A table of content must be provided in a file named NCX. "It can be visualized as a collapsible tree familiar to PC users." It's probably possible to create it automatically out of the <h1>, <h2>, ... headers of our HTML files, provided they reflect true headers in the book, and are not used merely for presentational purposes (like, having varying font sizes in title pages). If this automatic toc is not appropriate, then we would have to adopt a specific convention.


XHTML

XHTML 1.1 is basically XHTML with:

  • lang attribute not allowed (use xml:lang)
  • name attribute not allowed (use id)

Furthermore the files must be in UTF-8 or UTF-16. But this is transparently handled by the conversion program, which runs tidy internally to convert to XHTML 1.1. (TODO: to be checked for the lang attribute)

Unsupported or dubious HTML features

Inline style attributes are officially discouraged. This is not reported as a problem by tidy, so you have to check for it.

Things relying on the use of a mouse (like the popup information used sometimes over <ins> to document typos) are likely to not work properly on ebook readers.

Size restrictions

Since the files need to be handled on mobile devices with limited processing power, it is better to limit the size of a file (a single file in the ePub container) to approximately 200 kB uncompressed or 80 kB compressed. This means a departure from our monolithic HTML files (in the end, we of course still have a single epub container file).

CSS

Only a subset of CSS2 is supported. I tried to establish a detailed list of what is not supported in a separate page. Here are the most obvious issues:

Unsupported CSS features

position: absolute is not supported. This probably means that our page numbers will be displayed within the text. I don't know what happens with our footnote labels.

letter-spacing is not supported: this means gesperrt text will not be displayed other than normal text. This is annoying because author's intent is lost, unless a specific version is created, with gesperrt text rendered e.g. in italics.

text-transform is not supported (that would only be used for decorative purposes in very rare cases like dropcaps?)

small-caps is reportedly not supported on ADE (Adobe Digital Editions, a specific Reader) version 1.0.

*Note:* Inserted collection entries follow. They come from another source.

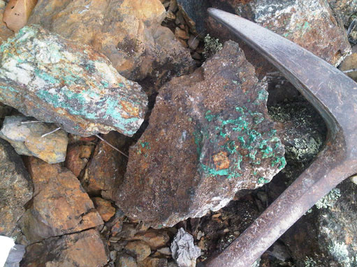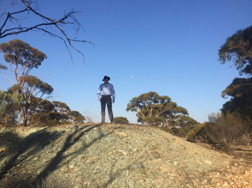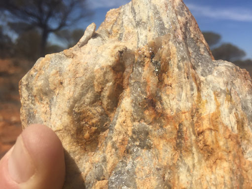 Gossan outcrop located at the Binti Gossan target whilst surveying the proposed diamond drill collars -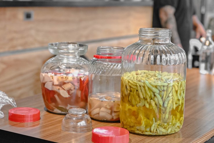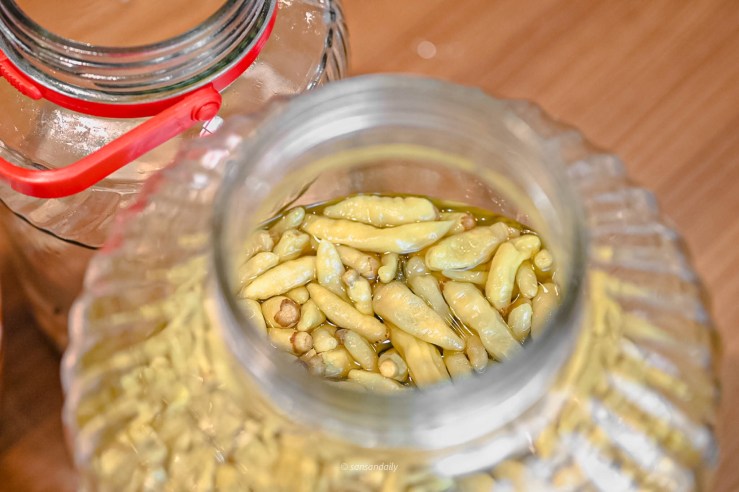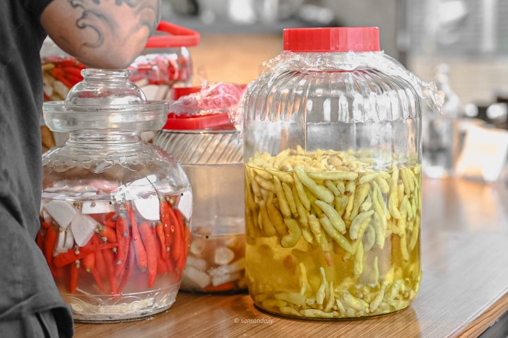 老闆娘的好手藝,靠著鼻子,就能秀出一罈的天然發酵的辣椒或蘿蔔的好與壞,稍有那一點點的走位,整罈倒掉重練!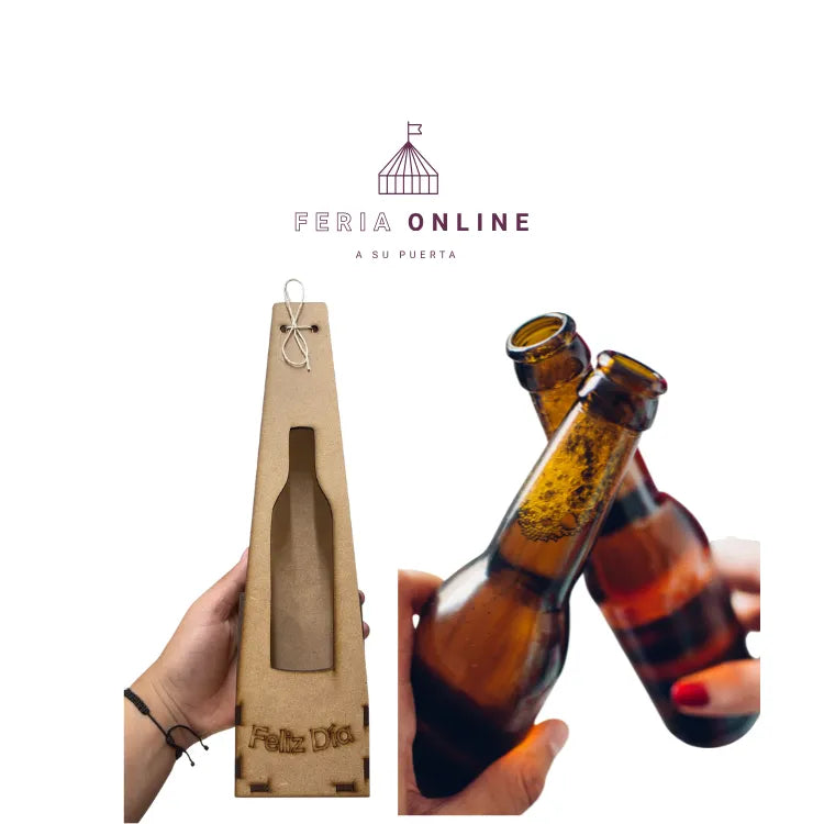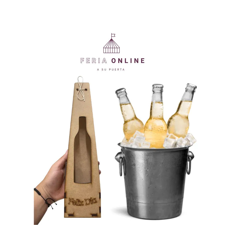 Esta caja de madera con corte en forma de botella transforma lo simple en algo especial. Ideal para sorprender en cumpleaños, celebraciones o eventos especiales.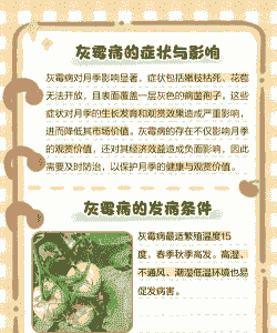 传染途径:以菌丝体或菌核潜伏于病部越冬,第二年产生分生孢子,借风雨传播,从伤口侵入,或从表皮直接侵入危害。温室月孝中湿度大,易发生灰霉病。凋谢的花和花梗不及时摘除时,往往从此类衰败的组织上先发病,然后再传到健康的花和花蕾上。

border styles such as dashed or dotted may all be shown as "solid". Don't rely on that to differentiate different kinds of transcribers' note, for instance.

Color

Only the 16 colors defined in XHTML are allowed: Black, White, Aqua, Blue, Fuchsia, Gray, Green, Lime, Maroon, Navy, Olive, Purple, Red, Silver, Teal, Yellow as well as the rgb notations (#rrggbb, #rgb, etc.) I checked that tidy (version October 2008) doesn't complain when a so-called XHTML 1.1 document uses non-existing colors such as "Pink" or "LightGrey". Furthermore some Readers may well be monochrome, and not display any color other than black and white.

CSS extensions

Display: An element assigned display: oeb-page-head or display: oeb-page-foot acts as a running header or footer in the ebook. There is currently no way to embed this information in our html files, since "oeb-page-head" and "oeb-page-foot" are not supported by XHTML; we would need a special convention like this or similar:

 <!-- epub-only-start -->
 <div class="myhead" style="display: oeb-page-head">
     The running header from now on.
 </div>
 <!--epub-only-end -->

Note that this could provide an elegant way of displaying the page numbers.


oeb-column-number: this specifies the preferred number of columns with which to render data. May be useful for some special cases like a bunch of very short footnotes or some lists. We have presently no way to embed this information in our html files.

Other things to do

It might be worth to

  • have a look at some existing EPUB-converted PG ebooks on EPUB readers
  • experiment with the EPUB conversion software
  • look in the CSS cookbook for unsupported features
  • explain epubcheck and epubpreflight to the PG white-washers.
  • set up a pool of test-readers with various models of ebook readers.